§ Task details: Make an exact copy of all the data, pictures excluded.

Data items
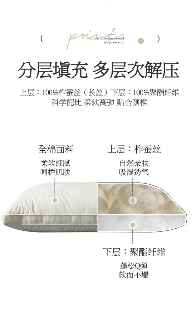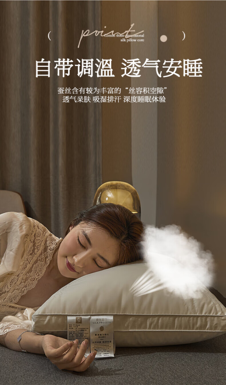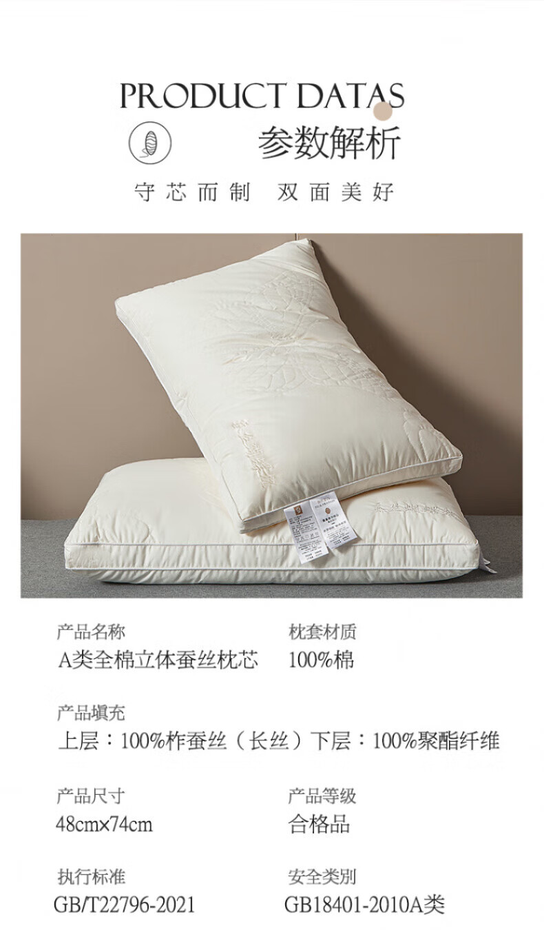 WCZ德国五星级酒店专用蚕丝枕枕头枕芯整头单人家用一对 蝴蝶蚕丝枕-单边-低枕1只-睡下高度6-7cm
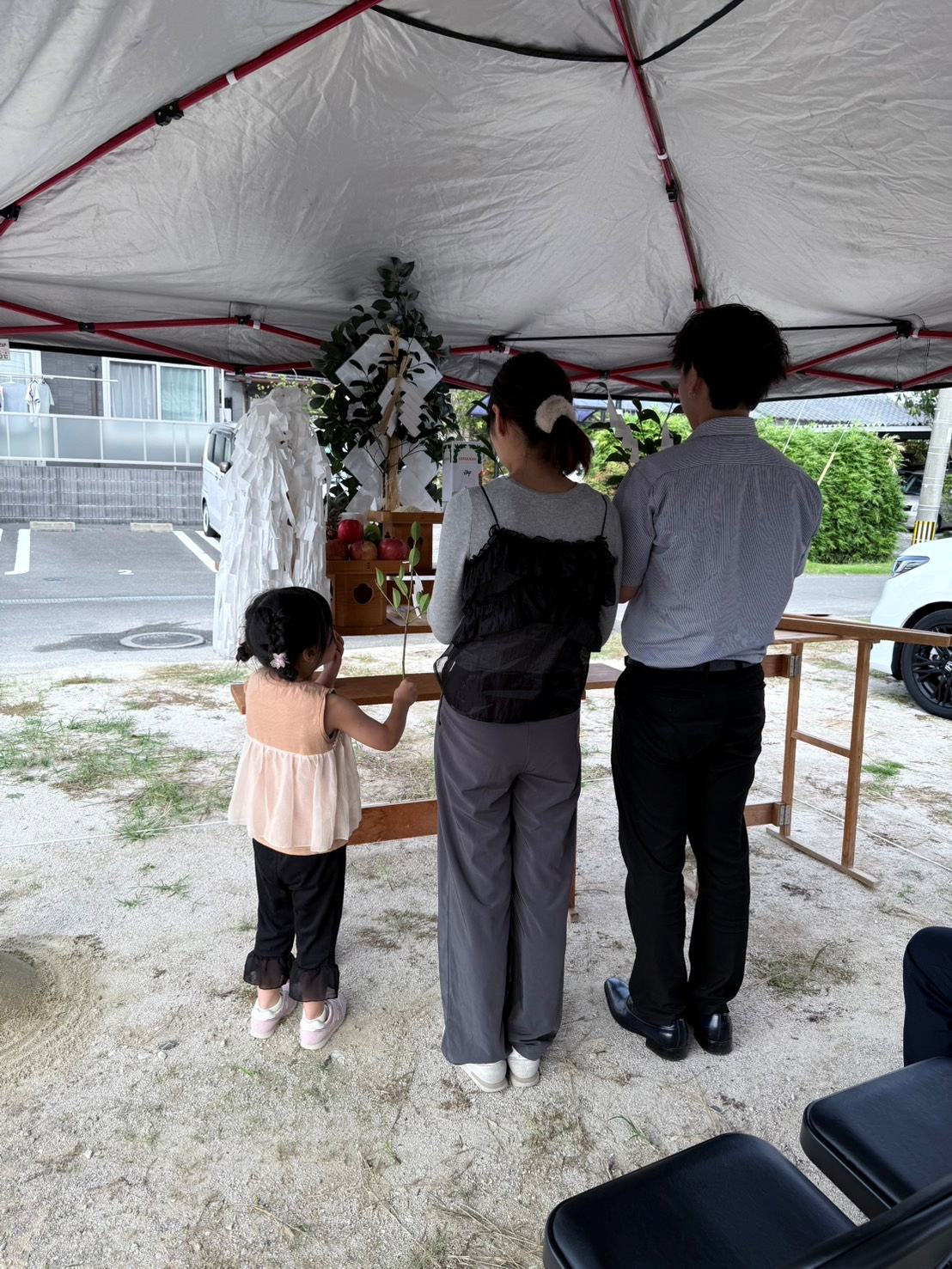 天候にも恵まれ、施主様ご家族とご一緒に、工事の無事と安全を祈願することができました。
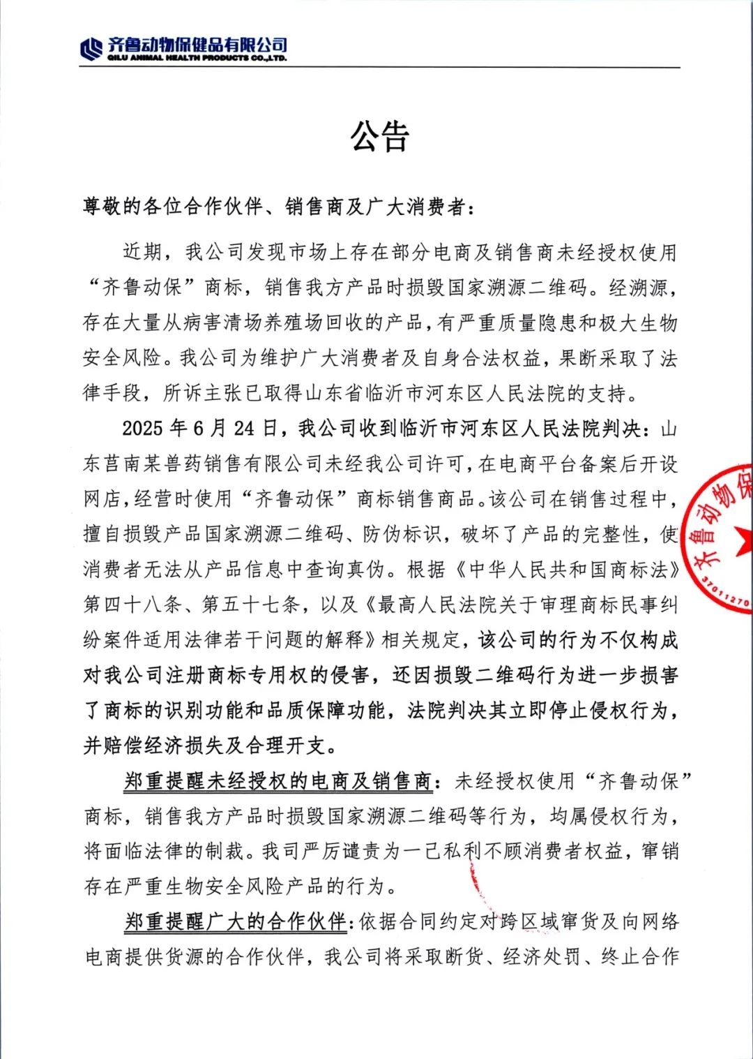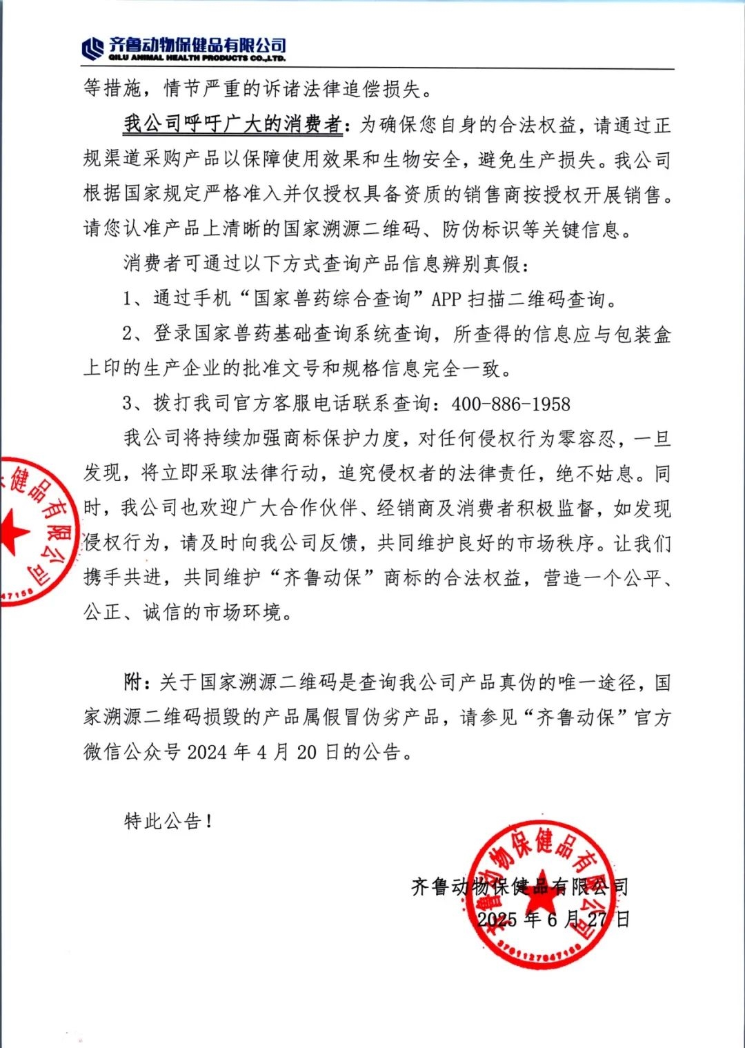 齊魯動保關(guān)于嚴厲打擊商標侵權(quán)及損毀溯源二維碼行為的公告
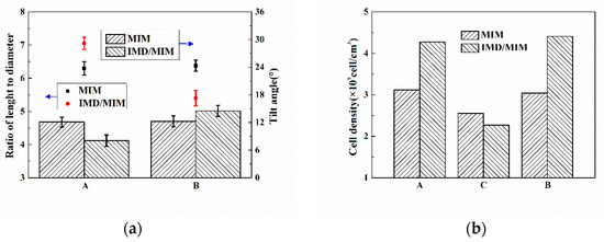 (a) The ratio of length to diameter and tilt angle of the transition layer A and transition layer B of MIM and IMD/MIM samples; (b) The cell density of the transition layer A, core layer C and transition layer B of MIM and IMD/MIM samples.
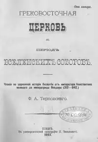 - «Греко-восточная церковь в период вселенских соборов. Опыт руководства по церковной истории» (этот труд, написанный тоже совместно с братом, составляет продолжение вышеназванной их общей работы и по напечатании в «Киевских университетских известиях», 1879—1883, также вышел отдельным изданием: Киев 1883, 551 стр.),
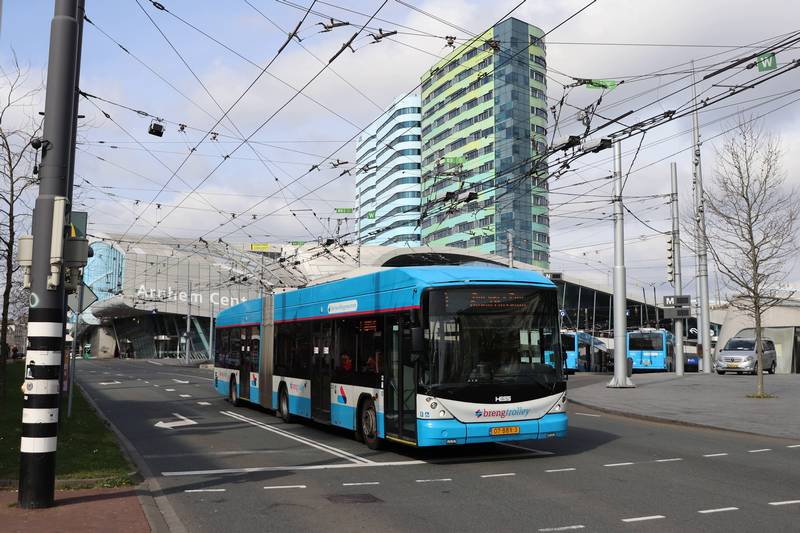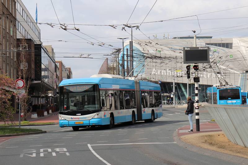 Brengtrolley 5243 rijdt weg vanaf het Centraal Station in Arnhem. 30 maart 2022. © OVnieuws.info |
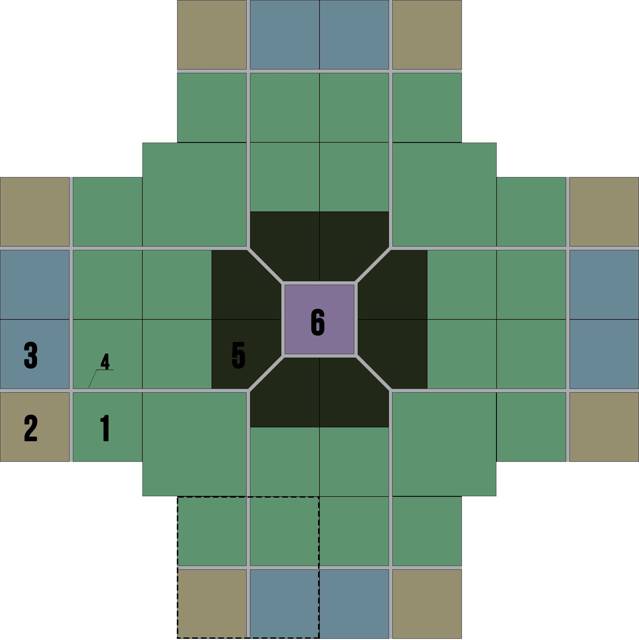 (Планируемая схема города, в перспективе один из жилых районов. 1.– жилой микрорайон, 2.– промышленный микрорайон, 3.– коммерческий микрорайон, 4.– магистральные дороги, 5.– зона центрального лесопарка, 6. – административный центр города/района. Пунктиром выделены заложенные на данный момент кубы)
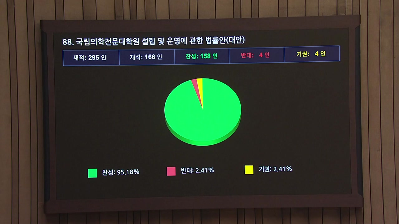 국회 본회의를 통과한 '국립의전원법'은 4년제 대학원 형태로 매년 100명을 선발해 국가가 학비 전액을 지원하는 내용을 담고 있습니다.
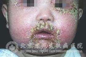 渗出型湿疹:常见于肥胖型婴儿,初起于两颊,发生红斑、丘疹、丘疱疹,常因剧痒搔抓而显露有多量渗液的鲜红糜烂面。严重者可累及整个面部甚至全身。如有继发感染可见脓疱及局部淋巴结肿大、发热。
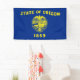 Ce dessin est orné du drapeau de l'État de l'Oregon, qui se trouve dans la région Pacifique Nord-Ouest sur la côte ouest des États-Unis. L'état est bordé par l'Idaho, l'état de Washington, la Californie et le Nevada. Le drapeau de l'Oregon a un arrière - plan bleu marine avec un sceau et un texte en or; il a été officiellement utilisé pour la première fois en février 1925. Le drapeau contient les mots "Etat de l'Oregon" et l'année 1859, qui est quand l'Oregon est devenu pour la première fois un Etat.
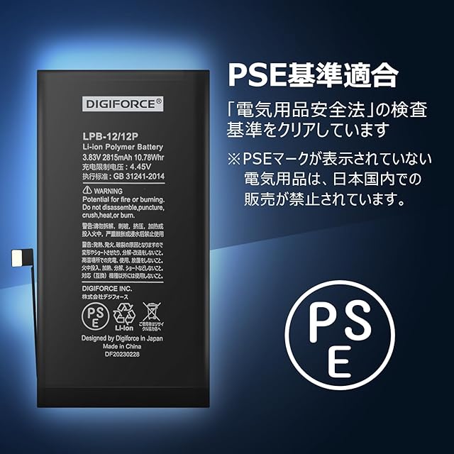 【PSE認証品】本製品は安心のPSE認証済みのバッテリーです。電気用品安全法で定められた検査を実施し、基準適合性を満たしております。

§ Completed task:
 WCZ德国五星级酒店专用蚕丝枕枕头枕芯整头单人家用一对 蝴蝶蚕丝枕-单边-低枕1只-睡下高度6-7cm
 天候にも恵まれ、施主様ご家族とご一緒に、工事の無事と安全を祈願することができました。
 齊魯動保關(guān)于嚴厲打擊商標侵權(quán)及損毀溯源二維碼行為的公告
 (a) The ratio of length to diameter and tilt angle of the transition layer A and transition layer B of MIM and IMD/MIM samples; (b) The cell density of the transition layer A, core layer C and transition layer B of MIM and IMD/MIM samples.
 - «Греко-восточная церковь в период вселенских соборов. Опыт руководства по церковной истории» (этот труд, написанный тоже совместно с братом, составляет продолжение вышеназванной их общей работы и по напечатании в «Киевских университетских известиях», 1879—1883, также вышел отдельным изданием: Киев 1883, 551 стр.),
 Brengtrolley 5243 rijdt weg vanaf het Centraal Station in Arnhem. 30 maart 2022. © OVnieuws.info |
 (Планируемая схема города, в перспективе один из жилых районов. 1.– жилой микрорайон, 2.– промышленный микрорайон, 3.– коммерческий микрорайон, 4.– магистральные дороги, 5.– зона центрального лесопарка, 6. – административный центр города/района. Пунктиром выделены заложенные на данный момент кубы)
 국회 본회의를 통과한 '국립의전원법'은 4년제 대학원 형태로 매년 100명을 선발해 국가가 학비 전액을 지원하는 내용을 담고 있습니다.
 渗出型湿疹:常见于肥胖型婴儿,初起于两颊,发生红斑、丘疹、丘疱疹,常因剧痒搔抓而显露有多量渗液的鲜红糜烂面。严重者可累及整个面部甚至全身。如有继发感染可见脓疱及局部淋巴结肿大、发热。
 Ce dessin est orné du drapeau de l'État de l'Oregon, qui se trouve dans la région Pacifique Nord-Ouest sur la côte ouest des États-Unis. L'état est bordé par l'Idaho, l'état de Washington, la Californie et le Nevada. Le drapeau de l'Oregon a un arrière - plan bleu marine avec un sceau et un texte en or; il a été officiellement utilisé pour la première fois en février 1925. Le drapeau contient les mots "Etat de l'Oregon" et l'année 1859, qui est quand l'Oregon est devenu pour la première fois un Etat.
 【PSE認証品】本製品は安心のPSE認証済みのバッテリーです。電気用品安全法で定められた検査を実施し、基準適合性を満たしております。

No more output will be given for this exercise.